Minnesota DUI independent test request case

In a new unpublished Minnesota DUI case, the court has ruled that the defendant's requests for an independent test were not good enough and that she didn't make enough of an effort for them to intervene and save her from the DWI charge.

The case is Minnesota v. Talbor, decided by the Court of Appeals of Minnesota on January 6, 2009.

The facts of this case from the Minnesota DUI opinion:

 

Appellant Muriel Matuzak was arrested for driving while impaired after she failed several field sobriety tests including a preliminary breath test (PBT) that showed an alcohol concentration of .174. When Matuzak saw the PBT results, she asked the arresting officer if she could take a blood test. The officer did not respond to the request. The officer read the implied-consent advisory to Matuzak, and she was transported to the jail. She had access to her cellular telephone during the trip to the jail and used it to send a text message to a friend stating that she would not be at work. Matuzak declined to speak with an attorney and consented to a breath test. Matuzak did not make any further inquiry about a blood test or any other additional alcohol concentration test, and she did not ask to make any telephone calls.

 

Matuzak was charged with DWI. She moved to suppress the results of the Intoxilyzer test, arguing that she had been prevented from obtaining a second test by the offi-cer's silence in response to her scene of the stop inquiry about a blood test. Af-ter a hearing on the motion, the district court concluded that because there were no "active attempts by law enforcement to prevent or deny a separate test," the In-toxilyzer test results were admissible. Matuzak submitted the case to the district court on stipulated facts as authorized by State v. Lothenbach, 296 N.W.2d 854 (Minn.1980) (superseded by Minn. R.Crim. P. 26.01 subd. 4, effective April 1, 2007). The district court found Matuzak guilty of DWI in the second degree. Matuzak was sentenced, but the sentence was stayed pending this appeal.
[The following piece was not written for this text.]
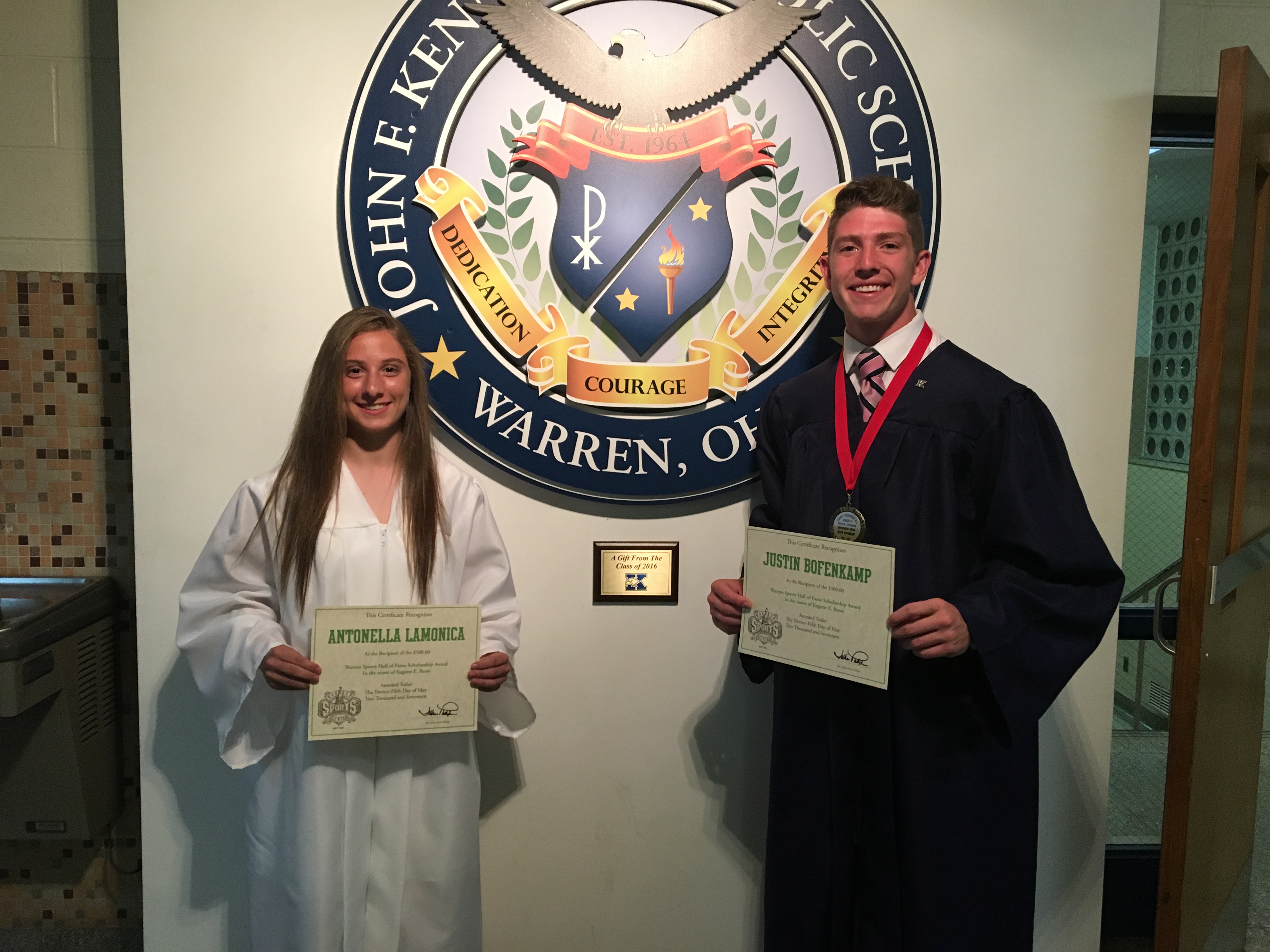 The Warren Sports Hall of Fame, proudly presented Riley Brown and Thaddeus McCollough - Alexander with The Donald Ford Scholarship, both received $500.00 to further their education.

Minnesota DUI Law Regarding Independent Tests

Minnesota law provides that after a person submits to the state's alcohol-concentration test, the person has a right to have an additional test at the per-son's own expense. Minn.Stat. § 169A.51, subd. 7(b) (2006). "The failure or inabil-ity to obtain an additional test ... does not preclude the admission in evidence of the test taken at the direction of a peace officer unless the additional test was prevented or denied by the peace officer." Id.

The holding in this case:

Matuzak argues that her situation is analogous to Theel's. We disagree. Theel made an active attempt to obtain a second test after he took the Intoxilyzer test, and he was denied the right to call an attorney to assist in arranging the test. In contrast, Matuzak declined to speak with an attorney before the Intoxilzyer test, did not request a second test after the Intoxilyzer test, and did not ask to speak to anyone about a second test. Matuzak failed to make clear her intent to have a second test administered, and law enforcement did nothing to prevent or deny additional testing.
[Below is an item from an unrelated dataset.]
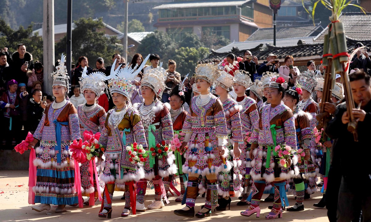 Los aldeanos Miao bailan con Luseng (flautas de junco) para celebrar el Festival Manghao el lunes en la aldea de Anning, condado Rong'an de la región autónoma de la etnia Zhuang de Guangxi. [Foto de Qin Qinghe/proporcionada a chinadaily.com.cn]
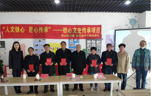 本次活动有四项议程:一是由艾主任致辞,宣布铁心文史传承项目正式启动;二是郝主任、张书记为“人文铁心 匠心传承”项目揭牌;三是郝主任、张书记、艾主任为五老讲师团颁发聘书;四是由五老讲师团杨建华老师讲授“史说铁心”第一课,杨老师用自己的方式讲述了铁心桥的由来,激发了现场青少年对家乡浓厚的兴趣。

Practical tip for people facing a DUI (my comments, not from the opinion):

When you face a DUI investigation, you need to be very proactive about your rights. You need to insist on an independent test if you want one. You need to insist on talking with a lawyer if you want one. You should always be polite, but don't mumble requests and make sure that your desires are made clear. A wishy-washy request for an attorney or an independent test is just as good as no request at all.